Ed Soares, Anderson Silva, Ariel Helwani and Kid Nate all comment after the break:

Here's Anderson Silva's manager Ed Soares talking about it after the fight to MMAFighting.com:

"What happened was, number one, I was upset that Chael was...trying to deny at first that he tapped. I went through that scenario once before with Chael myself, with Paulo Filho. Chael has been known to do that once in a while. I don't think Chael is a dirty fighter. I don't think any of that.

"But when I walked in the ring, I can remember looking over towards Chael's corner and I saw his boxing trainer kind of look at me and put the thumbs down towards Anderson. And you know what? I lost my cool. I can tell you that if I could take it back, I would, but my emotions got the best of me at that moment and definitely some words were said."

Soares went on to say that he didn't have any ill feeling toward Sonnen, but simply got caught up in an emotional moment after his fighter's dramatic comeback victory.

Anderson Silva also commented on it to Gracie Magazine:

Sonnen was very arrogant in promoting the fight. After having submitted he tried to argue that he didn't tap. What did you think of that?

Everyone saw that he tapped. But you can understand how he'd behave like that in the heat of the fight. I've made some mistakes and everyone does, nobody's perfect. The important part was that we had a good showing and the crowd liked it. I feel it's a fight that will make history, we're both to be congratulated. Now each of us will go to his respective home to see the family and we'll work on improving.

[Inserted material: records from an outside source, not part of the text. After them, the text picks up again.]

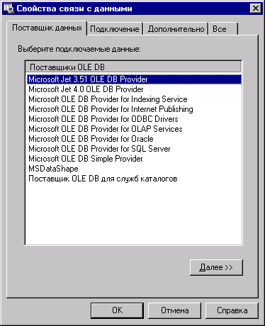 Рис. 18.5. Окно Data Link Properties для выбора поставщика услуг
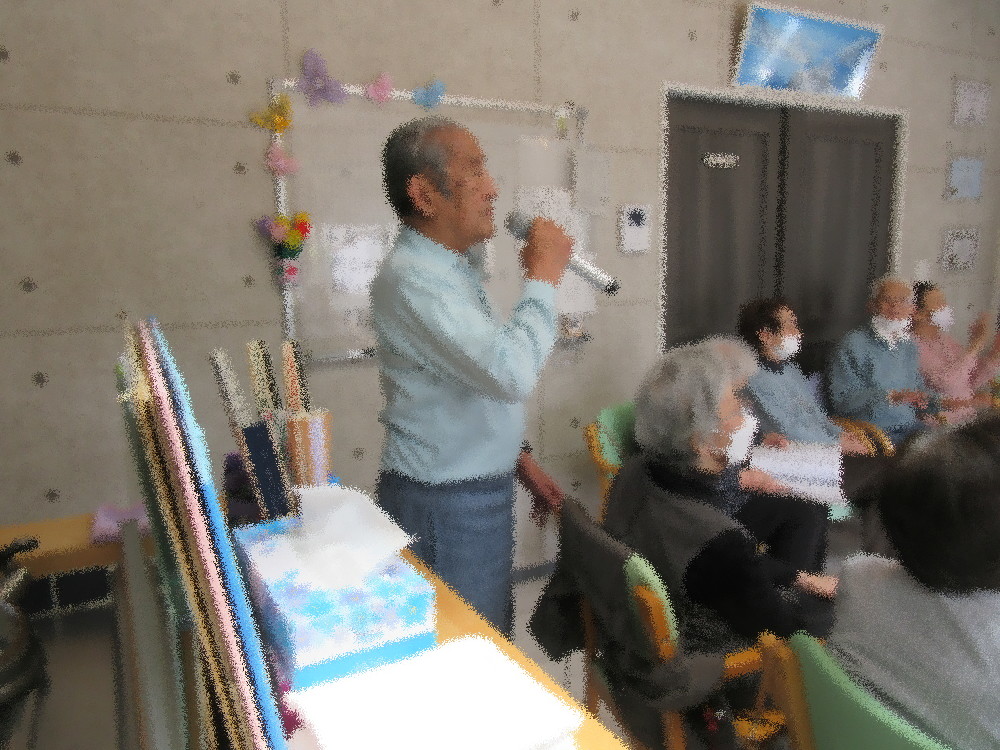 カラオケタイムは「ふるさと」をみなさんで合唱してから始まりました。
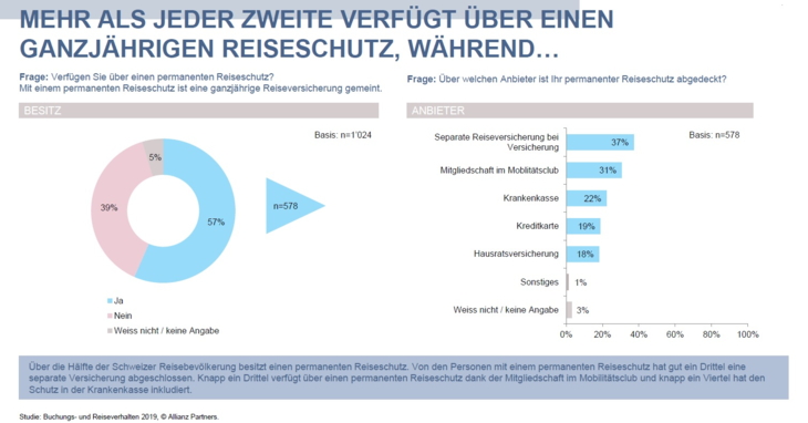 Dabei gilt es auch zu erwähnen, dass zwei von fünf Befragten keine Reiseversicherung haben. Ein fehlendes Bedürfnis oder zu geringe Wahrscheinlichkeiten die Versicherung auch wirklich zu benötigen, sind dabei die primären Beweggründe, dicht gefolgt von der Unwissenheit entsprechender Versicherungsmöglichkeiten. «Da ist der Ball bei den Versicherern - wir haben da noch Arbeit zu leisten», so Nink.
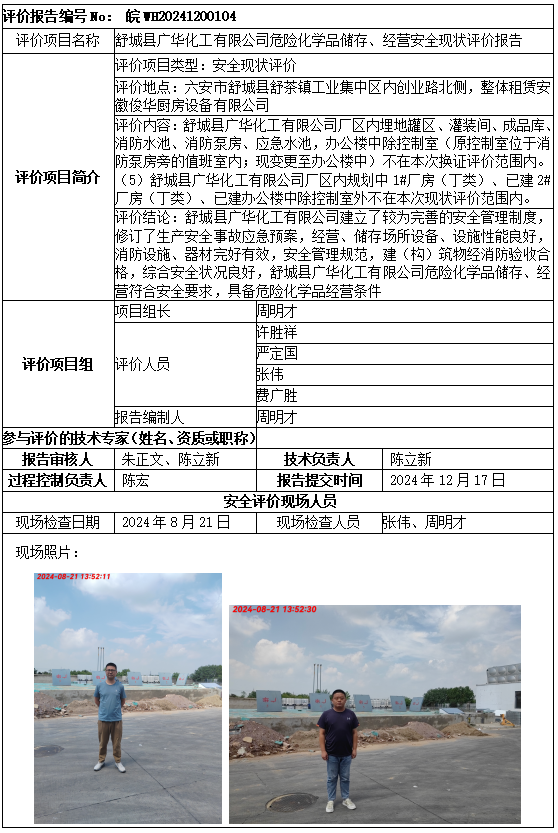 舒城縣廣華化工有限公司危險化學(xué)品儲存、經(jīng)營安全現(xiàn)狀評價報告
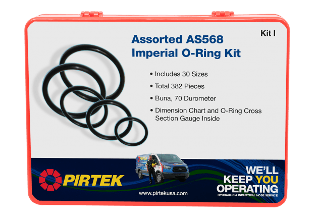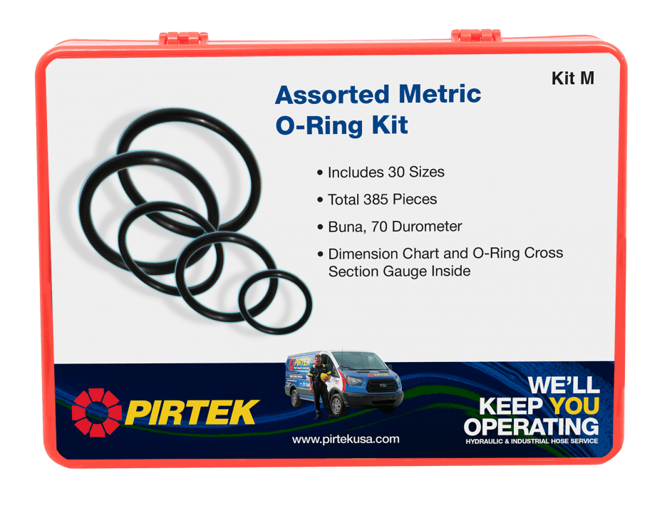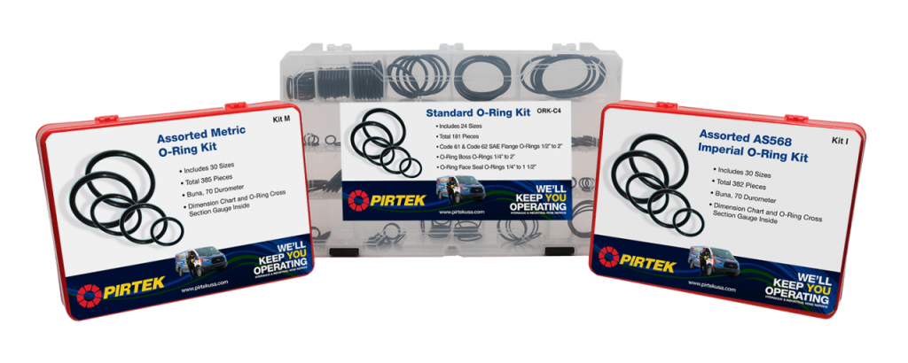 PIRTEK O-Ring Kits are available in standard, metric, and imperial sizes. Each kit includes a durable plastic storage case, keeping the various O-ring sizes separated and organized.
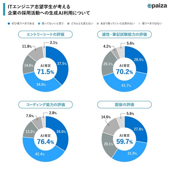 一方、面接の評価にAIを取り入れる点については、他の選考工程よりは慎重な姿勢が残った(59.7%がAI肯定)。paizaは「面接の評価に生成AIを導入する場合は、従来通り、人対人のコミュニケーションを共存させることが望ましい」としている。
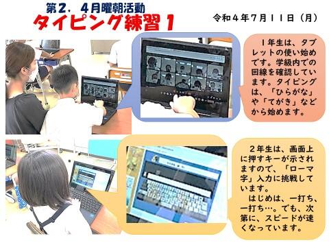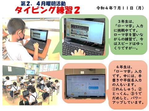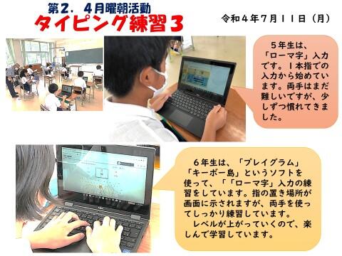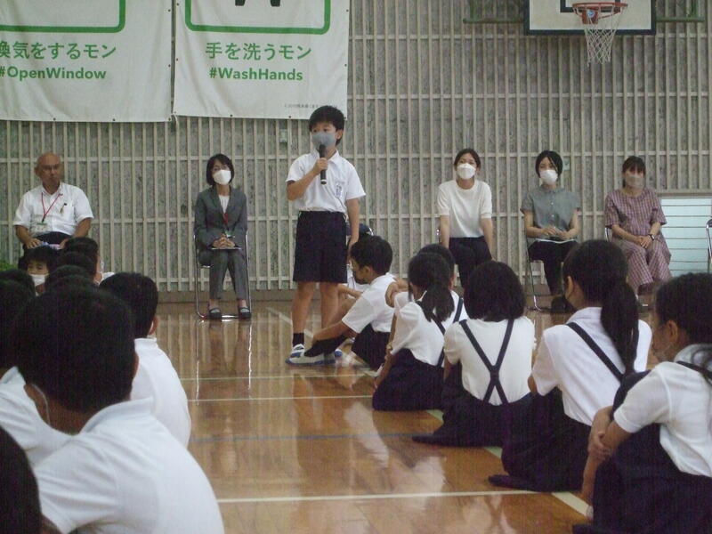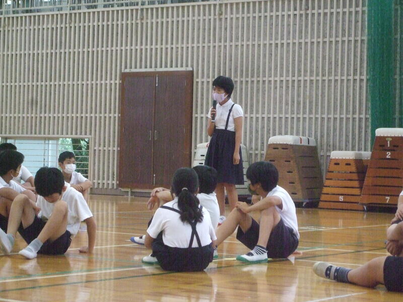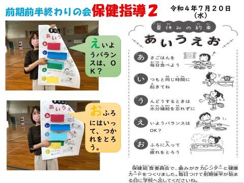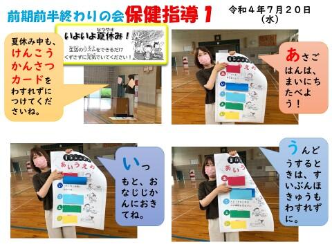 7月20日、前期前半終わりの会で、大塚養護教諭が全校児童に向けて保健指導をしました。「あいうえお」を頭文字に使って、分かりやすい内容でした。子どもさんとも、一緒にHPを見て、話し合われてはどうでしょうか。
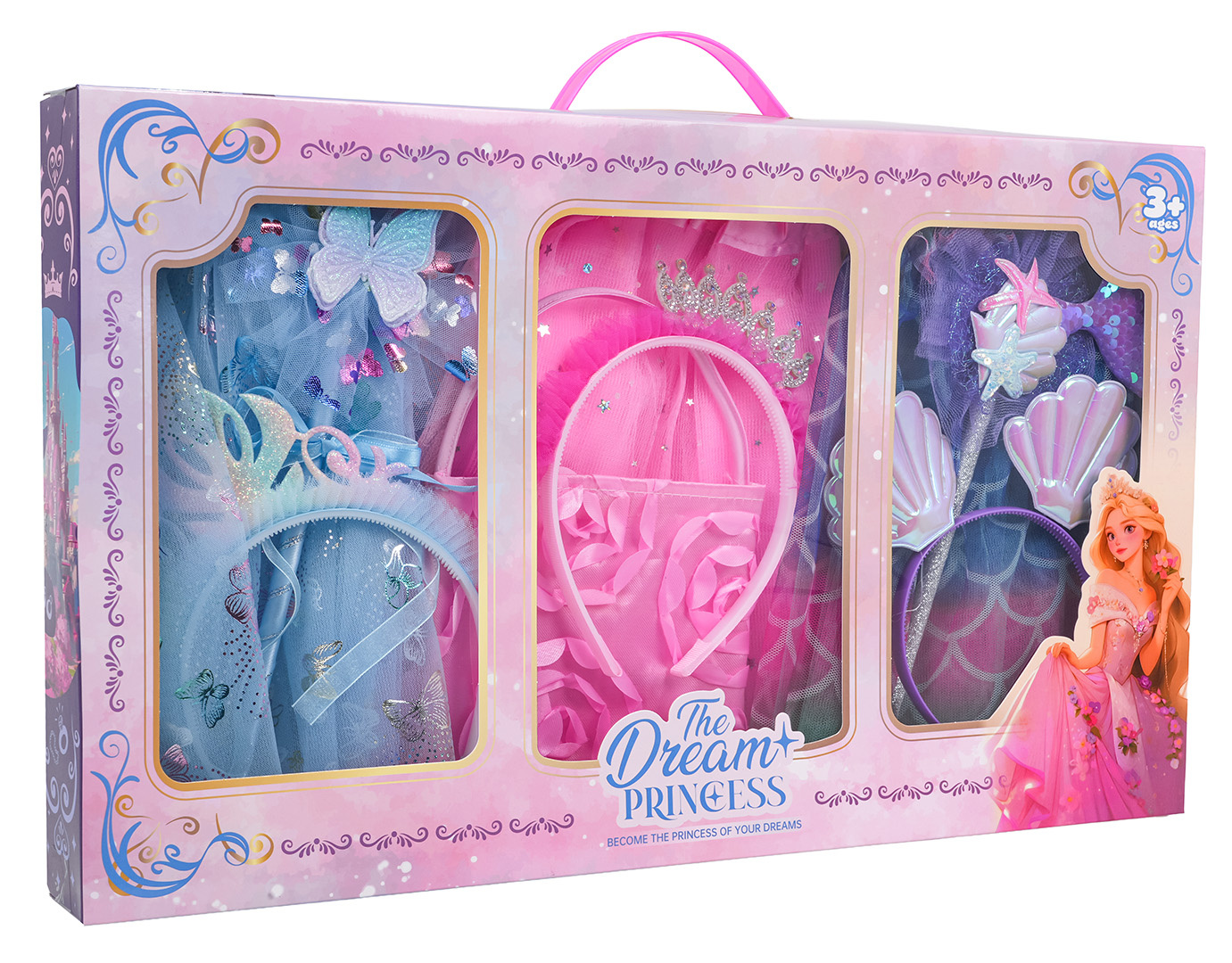 Barevná sada malé princezny pro děti od tří let. Sada byla vyrobena s důrazem na detaily v živých barvách. Skládá se ze tří různobarevných tylových sukní, tří čelenek, kabelky a dvou hůlek. Sada ideální bude na ples, představení nebo pro každodenní zábavu. Teď se vaše ratolest bude moci vžít do role princezny.

That's not to say there isn't another side to this debate, Ariel Helwani took up the no quick tap cause on twitter:

Be clear, Chael hasn't complained about the tap. That was clearly a tap. Not sure why Anderson didn't let go.

As I said on Sunday Helwani is missing the point:

Helwani is missing the point of the quick tap attempt -- it's about getting the other guy to let go, hoping the ref missed the tap and going on with the fight.

And in sum, here's what I wrote about the matter Sunday morning:

It doesn't matter to me what kind of stunts Chael pulled in his efforts to promote the fight. In a sport where men habitually take PEDs and allegedly grease up before and definitely during fights to get an illegal advantage, I don't think quick tapping is the worst sin in the world. I also don't think anything said in the name of successfully smack talking this fight into a hit -- based on our traffic across the SBN network, this is a huge hit event for the UFC -- is a bad thing.

Chael Sonnen is today's hero for MMA's cause. 

I've since reversed myself on Chael's lies to hype the fight, but we'll return to that later today. I do want to reiterate that Team Quest may be somewhat infamous for quick tapping and fighting hard outside the ring for what they perceive is fair treament, but they are NOT one of the camps known for performance enhancing drugs (PEDs) or greasing up before fights.